- _TRY IT_: Return the full listing character for character, without its pictures.

- _PROVIDED DATA_:
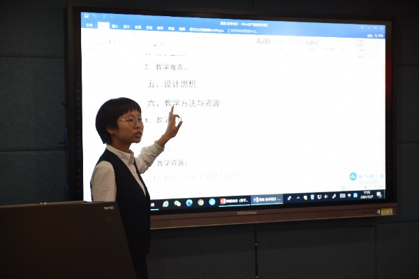 不久前荣获过广东省青年教师教学能力大赛一等奖第一名的优秀青年教师赵曼琳老师和唐丽艳老师分享了自己参加省级大赛的过程和感悟。赵曼琳老师认为,教学设计要全面而精细,“全面”是指拿什么教、教的是谁、教什么内容、怎么教以及教学反思都要全面关注;“精细”则是在教师活动和学生活动环节将设计意图中精准呈现,尤其是要突出学生的主体性。唐丽艳老师用思维导图概述了教学设计和要点,指出:不要忽略单元导言,要注意多种版本教材的对比;学情分析要从学生实际出发;教学目标要呈现出递进的关系;作业设计要有分层意识等等。
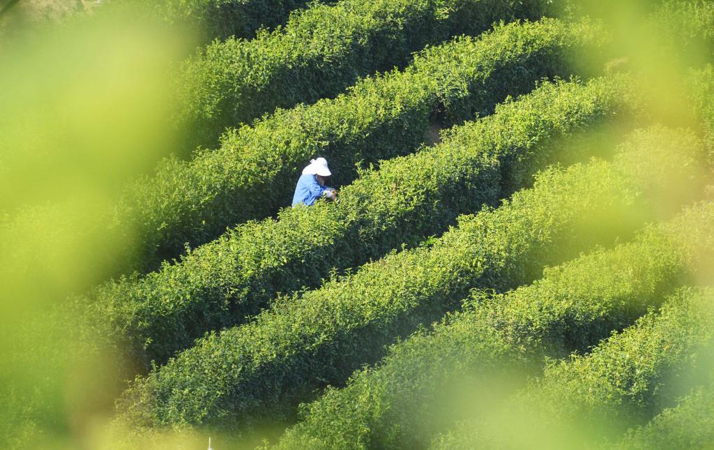 2022年4月,安徽省安庆市岳西县生态环境导向的开发项目入选第二批EOD模式试点项目名单。图为2022年4月9日,安徽省安庆市岳西县响肠镇千佛塔村村民在采茶。新华社发(吴均奇 摄)
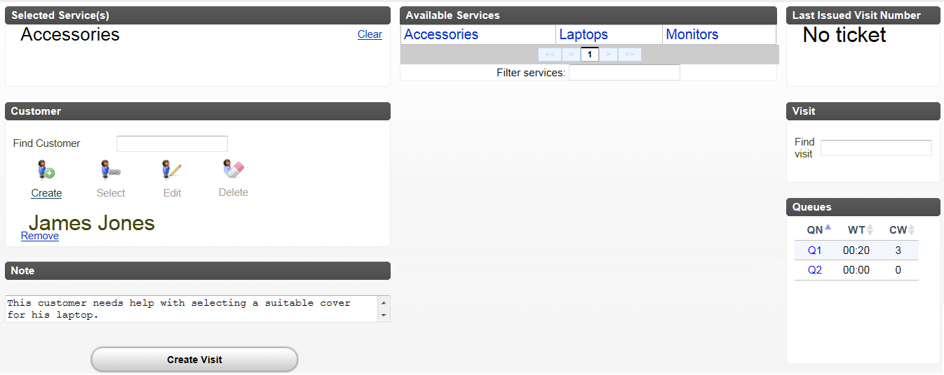 4. Click the Create Visit button. If the Reception has a configured printer, the ticket is printed and can be handed to the Customer.
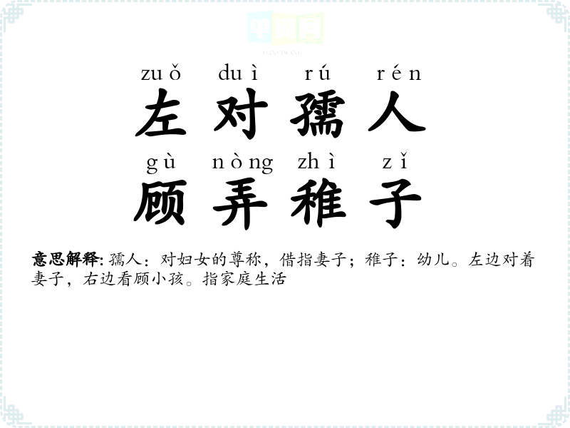 | 左对孺人,右顾稚子 | 孺人:对妇女的尊称,借指妻子;稚子:幼儿。左边对着妻子,右边看顾小孩。指家庭生活 |

- _EXERCISE OUTPUT_:
 不久前荣获过广东省青年教师教学能力大赛一等奖第一名的优秀青年教师赵曼琳老师和唐丽艳老师分享了自己参加省级大赛的过程和感悟。赵曼琳老师认为,教学设计要全面而精细,“全面”是指拿什么教、教的是谁、教什么内容、怎么教以及教学反思都要全面关注;“精细”则是在教师活动和学生活动环节将设计意图中精准呈现,尤其是要突出学生的主体性。唐丽艳老师用思维导图概述了教学设计和要点,指出:不要忽略单元导言,要注意多种版本教材的对比;学情分析要从学生实际出发;教学目标要呈现出递进的关系;作业设计要有分层意识等等。
 2022年4月,安徽省安庆市岳西县生态环境导向的开发项目入选第二批EOD模式试点项目名单。图为2022年4月9日,安徽省安庆市岳西县响肠镇千佛塔村村民在采茶。新华社发(吴均奇 摄)
 4. Click the Create Visit button. If the Reception has a configured printer, the ticket is printed and can be handed to the Customer.
 | 左对孺人,右顾稚子 | 孺人:对妇女的尊称,借指妻子;稚子:幼儿。左边对着妻子,右边看顾小孩。指家庭生活 |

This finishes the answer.